In total, 327 patients participated in the IVF/ICSI programme during the study period, completing a total of 545 cycles. Of these, 194 (35.6%) were first treatment cycles in women <34 years of age and were therefore eligible for the study. Of these women, 110 agreed to the study protocol and were therefore recruited. Of those agreeing to participate in the study, 53 fulfilled the study inclusion criteria, i.e. they produced at least two top quality embryos and 57 did not. The other 84 patients either requested an elective single embryo transfer (n = 17) or did not agree to participate (n = 67). The number of patients included in the study was thus lower than the number recruited, which was lower than the potentially eligible target group, which was by itself much smaller than the whole population. There were six major groups of cycles to consider: group A (n = 26): patients (and cycles) randomized to single embryo transfer; group B (n = 27): patients (and cycles) randomized to double embryo transfer; group C (n = 57): patients (and cycles) complying with the inclusion criteria but who failed to produce two top quality embryos so that randomization was impossible; group D (n = 17): patients (and cycles) requesting elective single embryo transfer (11 received one top quality embryo single embryo transfer, six did not); group E (n = 67): patients (and cycles) not wanting to participate in the study and who received standard treatment; and group F (n = 133): patients not eligible to participate in the study (all other IVF/ICSI cycles).

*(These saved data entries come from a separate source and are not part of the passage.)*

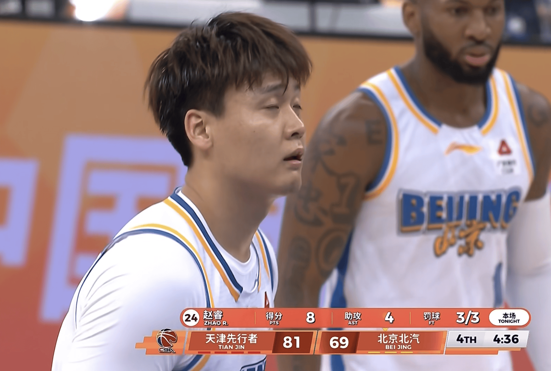 而在天津队与北京队的比赛中,北京队的赵睿、斯佩尔曼迎来复出,上半场两支球队打得很激烈,北京46-41天津。第三节天津队缩小分差追回3分,北京以65-63来到末节,比赛的胜负悬念很大。第四节开始后,北京队贝利罚球2进1,天津队的赖俊豪三分命中,林庭谦连得4分,天津队70-66打停北京队。回到比赛中,北京队范子铭罚球2罚都不进,天津队郑昊燃三分为球队续上了,北京已落后7分。
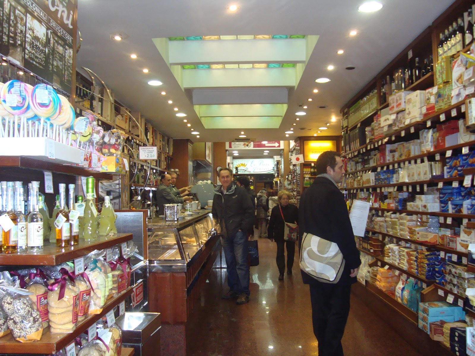 Esta tarde, ya en Barajas, compramos Él País y El Mundo para leerlos en el vuelo de regreso a Vigo. No deja de sorprenderme la divergente forma de transmitir la actualidad que tienen los medios. Dentro de un rato bucearé en los diarios digitales de diverso signo para intentar hacerme una idea lo más aproximada posible a la realidad, pero antes voy a preparar unas alcachofas preciosas que he comprado en un puesto callejero de Roma, que ayer tarde todavía nos dio tiempo de callejear y no pude resistir la tentación. Me hubiera gustado traerme alguna cosa más, sobre todo de una tienda de Via Cola di Rienzo que me encantó, es la de las fotografías. Tiene un nombre algo feo, "Castroni", pero es una delicia ver sus pasillos con estanterías llenas de mermeladas, conservas y golosinas, con los empleados vestidos de mandilón marrón al estilo de los antiguos coloniales. Junto a este colmado hay una charcutería con productos locales exquisitos a un precio muy razonable.
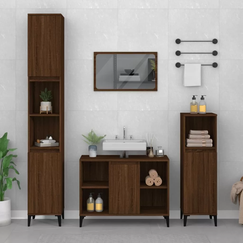 barna tölgyszínű szerelt fa mosdószekrény 80 x 33 x 60 cm
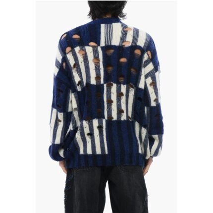 Off-White Distressed Effect Wool Cardigan With Beads Detail
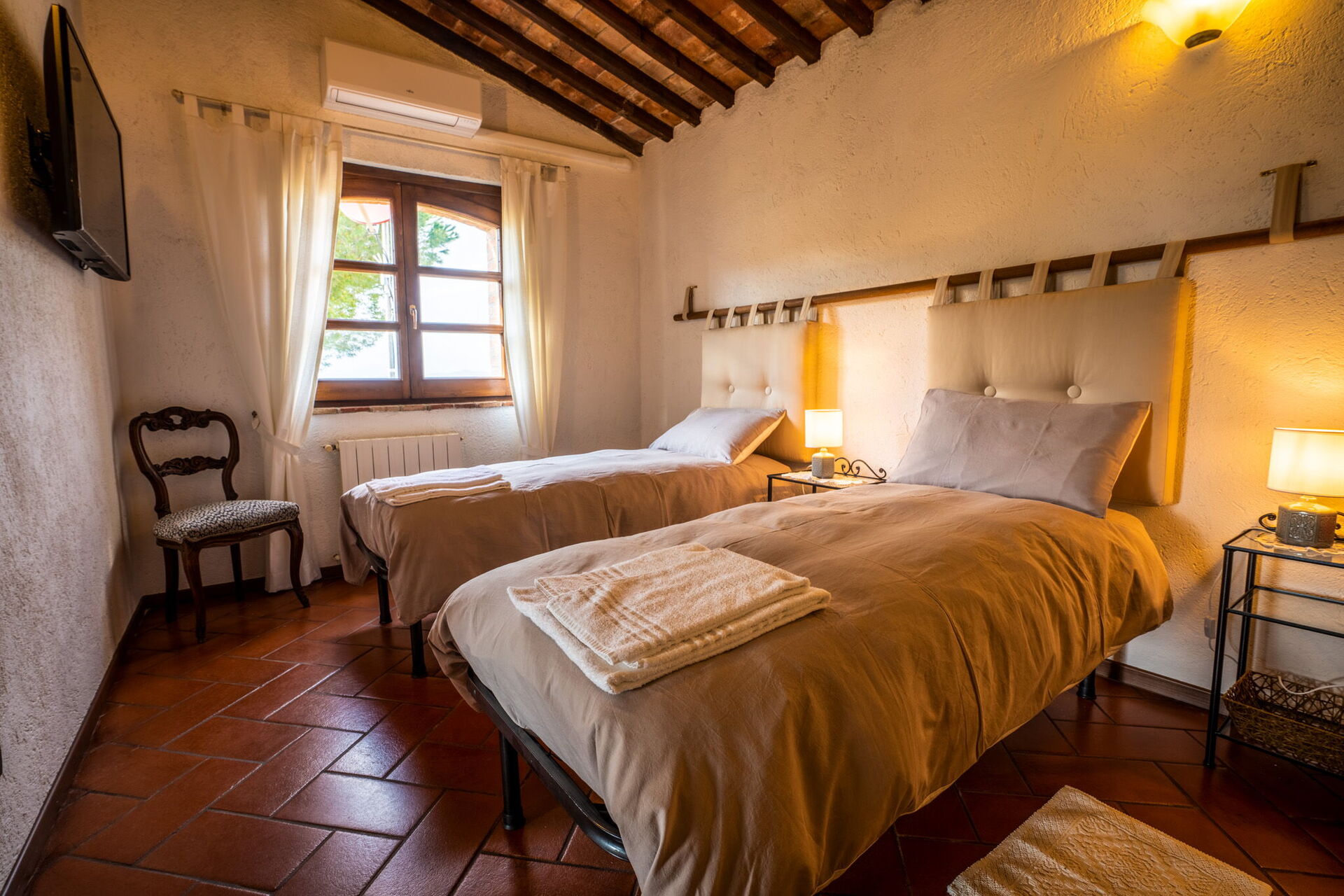 Soveværelse med bad (15 m2): to enkeltsenge, WIFI internet, klimaanlæg, myggenet, satellit tv, handikap ok, lænestol, vask, wc, bruser, hårtørrer, udgang til have.
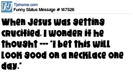 X When Jesus was getting crucified, I wonder if he thought --- "I bet this will look good on a necklace one day."
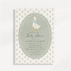 Sweet and timeless baby shower invitation featuring a charming storybook-style goose illustration with a soft blue bow, set inside a delicate scalloped frame. The gentle sage green center and tiny floral background create a romantic cottage-inspired look that feels warm, nostalgic, and beautifully refined. Classic typography and a balanced layout give this design an elegant, heirloom-quality feel perfect for a special celebration.
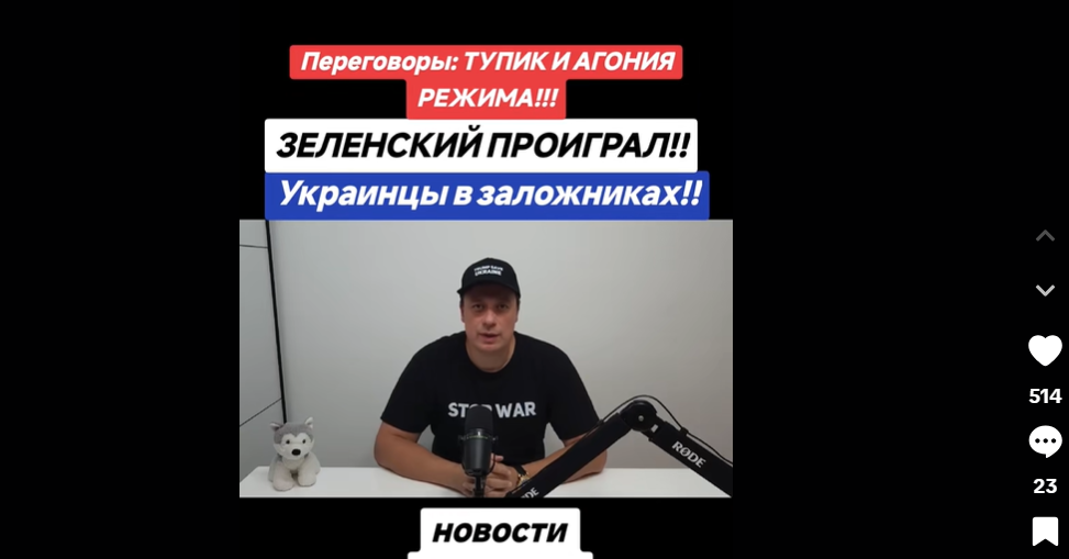 28. Маніпуляція. Блогер Тарас Никифорчук у відео, говорячи російською, обіцяє “розкрити правду” про майбутнє України, однак наводить вибіркові факти, що стосуються переговорного процесу, критикує зовнішній вигляд українських посадовців і виправдовує дії Росії. Він заявляє, що варто “убрать причины войны – вот это вот НАТО, вот эту вот Конституцию…”. Ролик завершується твердженням, що війну незабаром буде завершено, але країни ЄС цьому нібито перешкоджають. Напис “Переговоры: тупик и агония режима!” підкреслює мету ролика – дискредитація влади України та її партнерів.
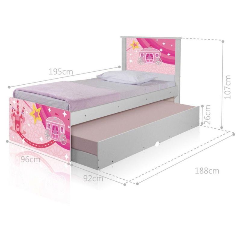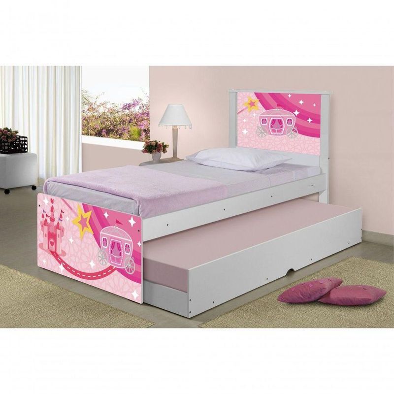 Bicama Carruagem CasteloBicama Juvenil Barcelona Adesivada Carruagem Castelo - BrancoRef. 1427A Bicama Juvenil Barcelona Adesivada Carruagem Castelo é belíssima e conta com um design funcional, que ocupa pouco espaço no ambiente.A Coleção Carruagem Castelo foi desenvolvida por nossos designers oferecendo um visual exclusivo, descontraído e divertido ao ambiente.A cama auxiliar fica embaixo da principal e basta puxá-la por meio das corrediças para começar a fazer dela.É ideal para quartos pequenos e para caso precise de uma cama extra para receber um amigo, ou divida o dormitório com alguém.Feita em MDF e MDP e seu acabamento é feito com pintura UV brilhante tornando-a um produto resistente e com aspecto de novo por muito mais tempo.É uma excelente escolha para acomodar colchões de solteiro na medida de 188 cm x 88 cm de largura.- Medidas da Cama:Altura: 107 cmLargura: 96 cmComprimento: 195 cm- Medidas da Cama Auxiliar:Altura: 26 cmLargura: 188 cmComprimento: 92 cmInformações do produto:- Cor do produto: Branco- Material: MDF/MDP- Ideal para colchões de: 88 cm x 188 cm - solteiro (colchão não incl)- Garantia: 3 meses contra de fabricação.- Peso máximo suportado: 95 kg por cama.Itens Incls:01 Cama Solteiro com Cama Auxiliar.Kit completo para montagem, manual detalhado de instruções.Informações complementares:- Fotos meramente ilustrativas do produto no ambiente.- Verificar descrição e tamanho do produto antes da compra.- Avaliar a mercadoria no ato do recebimento e recusar em caso de divergência ou s.- Mantenha as informações de contato e endereço de entrega atualizados para entrarmos em contato caso necessário.* Sugerimos a contratação de um montador para a montagem do produto. Não nos responsabilizamos por s cas no ato da montagem.* Não nos responsabilizamos pela montagem e desmontagem do produto no ato da entrega e devolução, assim como os custos gerados nestas situações.* A transportadora entregará o produto no andar térreo do endereço de entrega.* Não nos responsabilizamos por subir escadas, corredores e elevadores ou transporte por guincho em apartamentos.
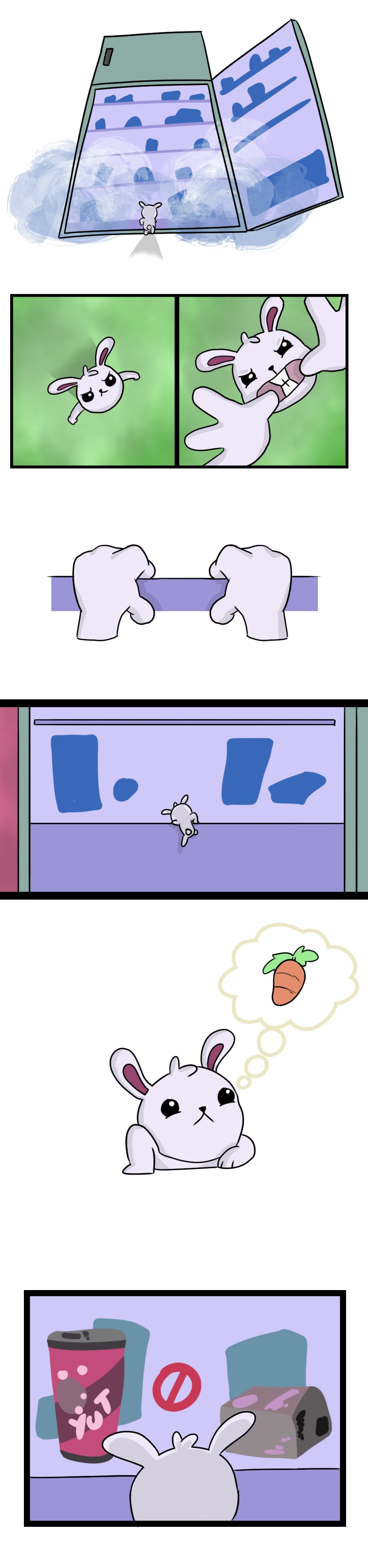 Pucky is hungry and will look for something to eat in the fridge
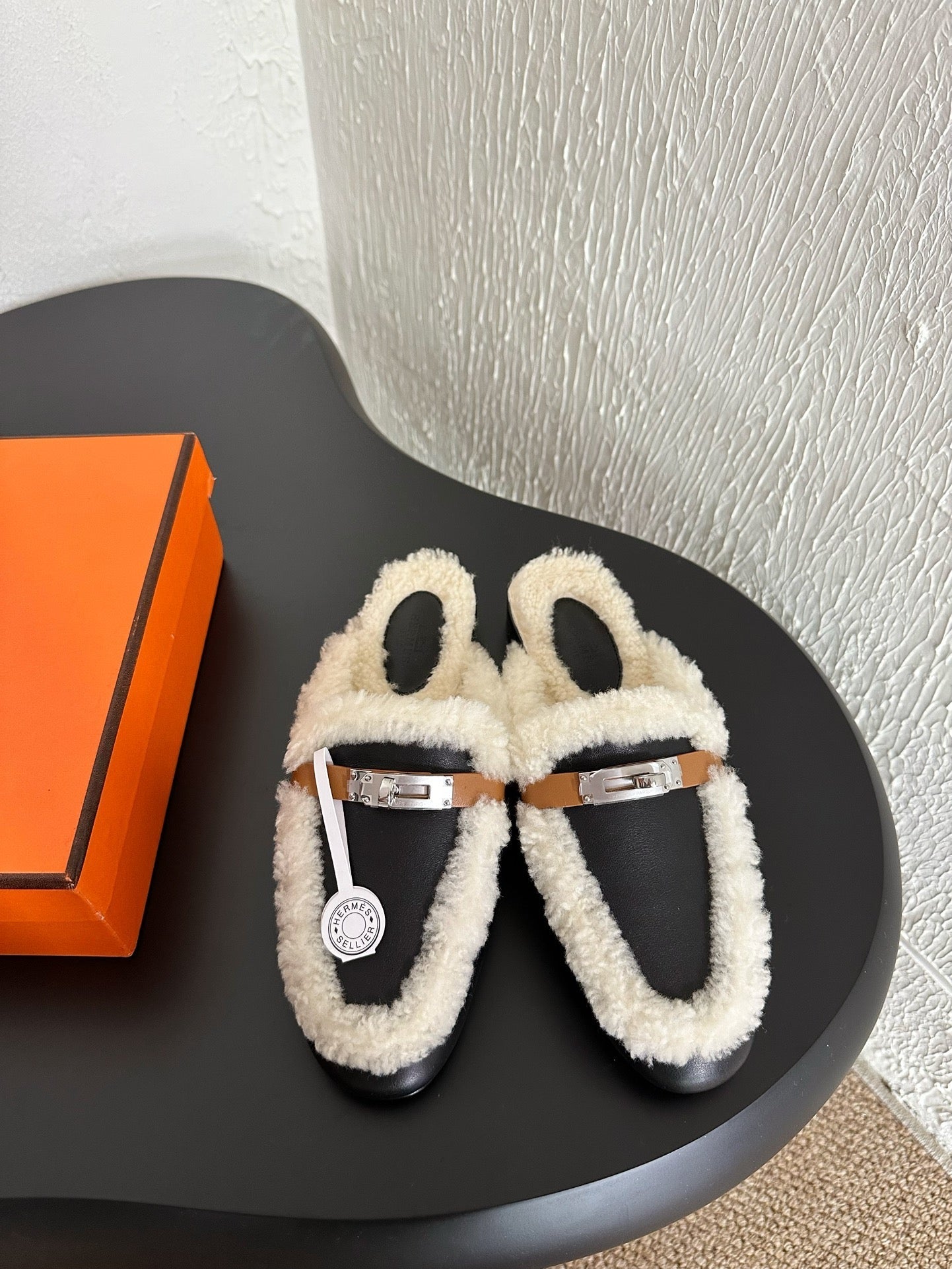 HM Oz Mule Black Mix White Lambskin Lined With Wool Fleece 961093
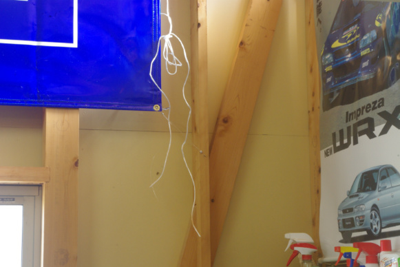 何故ならばこのままですと、MICHELIN vinyl bannerを掲示すると、幅が3メートルありますので右端から20㎝ほどが、掛け軸に重なってしまうからです。

The study was designed to compare group A with group B, but results in the other groups were considered as well. The study was approved by the Institutional Ethical Board as well as by the sponsoring Foundation.

Ovarian stimulation protocol
Patients were treated with the long gonadotrophin releasing hormone (GnRH) agonist desensitization protocol, starting in the midluteal phase with 6x100 µg of buserelin (Suprefact®; Hoechst, Frankfurt a/Main, Germany) intranasally for a period of 3 weeks. Gonadotrophin stimulation (Metrodin HP®; Serono, Geneva, Switzerland) was initiated if basal vaginal sonography showed a thin endometrium and no ovarian cysts. Stimulation was initiated with 150 IU of Metrodin HP®, i.m. or s.c. except in patients with known poor response, where 225 IU was used.

The criterion for human chorionic gonadotrophin (HCG) administration was at least three mature follicles with a diameter of 18 mm HCG (Profasi®; Serono), 10 000 IU i.m. was given exactly 37 h before oocyte retrieval.

IVF/ICSI procedure
Motile spermatozoa were isolated from fresh semen in a two-step protocol. First the spermatozoa were centrifuged on a mini-Percoll gradient consisting of three discontinuous layers (55–70–90%). The 90% fraction was washed with Medi-Cult medium. The resulting sperm pellet was resuspended and subsequently pipetted into the ring of a migration–sedimentation tube (Jondet et al., 1987Go).

Ovum retrieval was performed vaginally under ultrasound guidance with local anaesthesia and sedation with midazolam hydrochloride (Dormicum®; Roche, Brussels, Belgium). Follicles were flushed with HEPES-buffered Earle's balanced salt solution (EBSS; Bio-Whittaker/ Boehringer, Verviers, Belgium) containing 5 units/ml heparin and 1 mmol/l EDTA (Sigma, St Louis, MO, USA). Cumulus–oocyte complexes were isolated from the follicular aspirates, washed in Universal IVF medium (Medi-Cult, Copenhagen, Denmark), each placed individually in a 25 µl microdrop of INRA–Ménézo B2 medium (CCD, Paris, France) under mineral oil (Sigma) and incubated at 37°C in a humidified atmosphere of 5% CO2 in air.

For standard IVF, 3–5 h after retrieval every oocyte was inseminated with 20 000 motile spermatozoa and incubated overnight. The ICSI procedure was performed (Van Steirteghem et al., 1993aGo,bGo).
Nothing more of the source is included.